Kompetisi tahun ini melombakan 23 nomor cabang olahraga yang dirancang untuk mengukur potensi dasar para atlet muda. Mulai dari nomor lari jarak pendek, jalan cepat, hingga nomor teknik seperti tolak peluru dan lempar lembing.
Adanya pembagian lima kelompok usia mulai dari KU 8 hingga KU 18 memastikan pemerataan persaingan di tingkat akar rumput. Hal ini sejalan dengan visi Bakti Olahraga Djarum Foundation yang fokus pada pembinaan atlet sejak usia dini.
Regenerasi atletik di Jawa Tengah kini memiliki wadah yang ideal untuk menambah jam terbang sebelum terjun ke kejuaraan resmi daerah maupun nasional.
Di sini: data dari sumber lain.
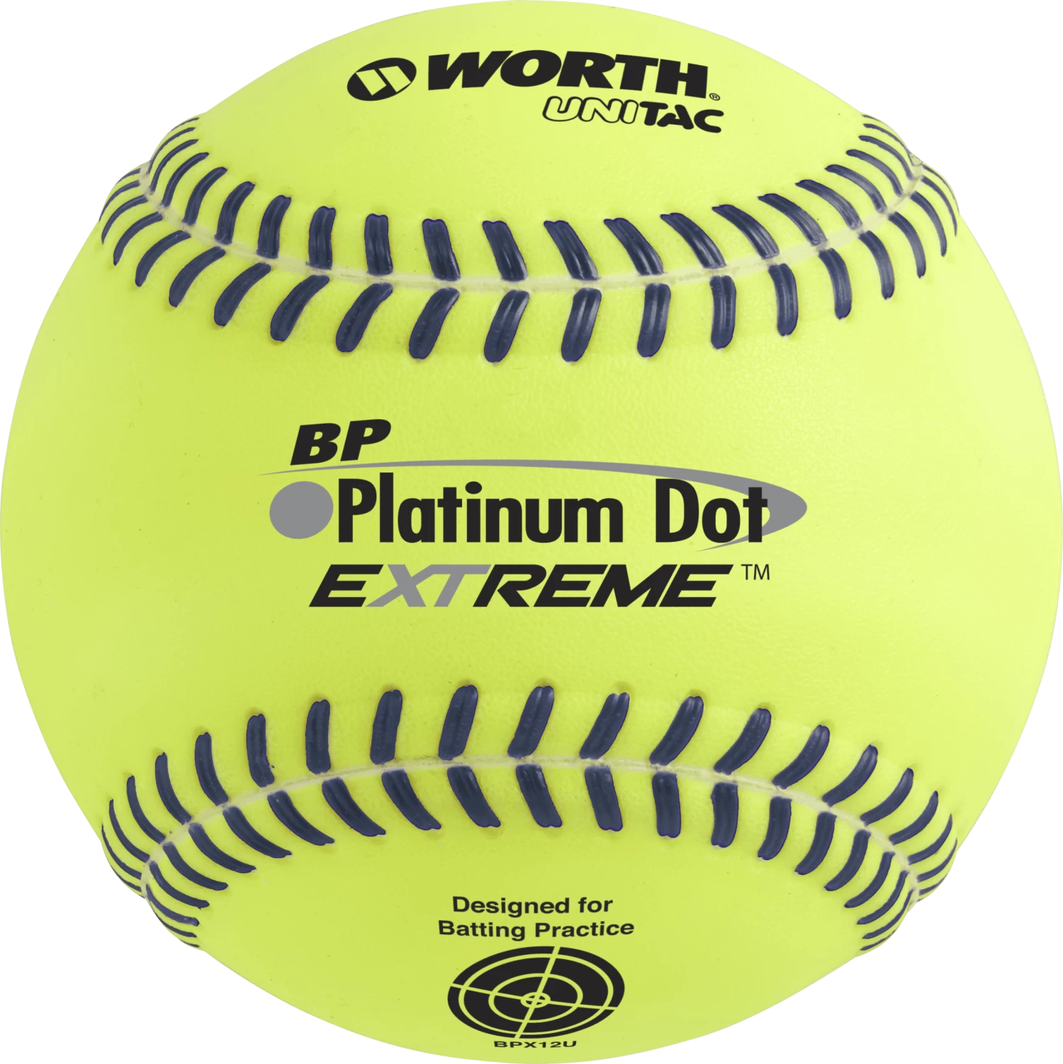 Introducing the new Platinum Standard in BP Balls. Worth’s new Super Platinum Dot Extreme Batting Practice Ball is a one piece, seamless ball that changes the way you take BP. Utilizing Worth’s new UNITAC cover technology, recreate your game swings with a ball designed to hold COR and Compression while minimizing damage on your bats.Â

Para pemenang diharapkan tidak cepat berpuas diri dan terus berlatih demi mencapai mimpi menjadi atlet profesional.
Semangat juang yang ditunjukkan oleh 2.270 peserta menjadi sinyal positif bagi masa depan atletik Indonesia. Ajang MilkLife Athletics Challenge terbukti ampuh mengubah citra atletik menjadi olahraga yang menyenangkan dan penuh tantangan bagi generasi muda.